A triangle has sides with lengths of 5, 8, and 3. What is the radius of the triangles inscribed circle?

1 Answer
Jan 22, 2016

There exists no triangle with the given measurements because the given measurements form a straight line.

If you still want to calculate the are then I have explained below.

If #a, b and c# are the three sides of a triangle then the radius of its inscribed circle is given by

#R=Delta/s#

Where #R# is the radius #Delta# is the are of the triangle and #s# is the semi perimeter of the triangle.

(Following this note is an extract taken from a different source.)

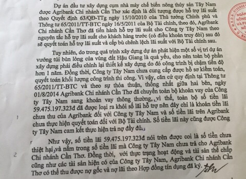 “Số tiền lãi hơn 59,4 tỷ đồng được coi là số tiền chưa thiệt hại và nằm trong số tiền lãi mà công ty Tây Nam chưa trả cho Agribank Cần Thơ. Đồng thời, với hiện trạng hoạt động và tài sản thế chấp cũng như tài sản hiện có của khách hàng, ngân hàng có thể thu hồi được nợ gốc và lãi theo hợp đồng tín dụng đã ký”- văn bản của Agribank gửi công an Cần Thơ ngày 25/3/2016 nêu rõ.

The area #Delta# of a triangle is given by

#Delta=sqrt(s(s-a)(s-b)(s-c)#

And the semi perimeter #s# of a triangle is given by
#s=(a+b+c)/2#

Here let #a=5, b=8 and c=3#

#implies s=(5+8+3)/2=16/2=8#

#implies s=8#

#implies s-a=8-5=3, s-b=8-8=0 and s-c=8-3=5#

#implies s-a=3, s-b=0 and s-c=5#

#implies Delta=sqrt(8*3*0*5)=sqrt0=0#

#implies R=0/8=0#

Mathematically, since the area comes out to be zero therefore it proves that it is a straight line it is not a triangle, and since there is no triangle so there is no in-circle and thus no in-radius.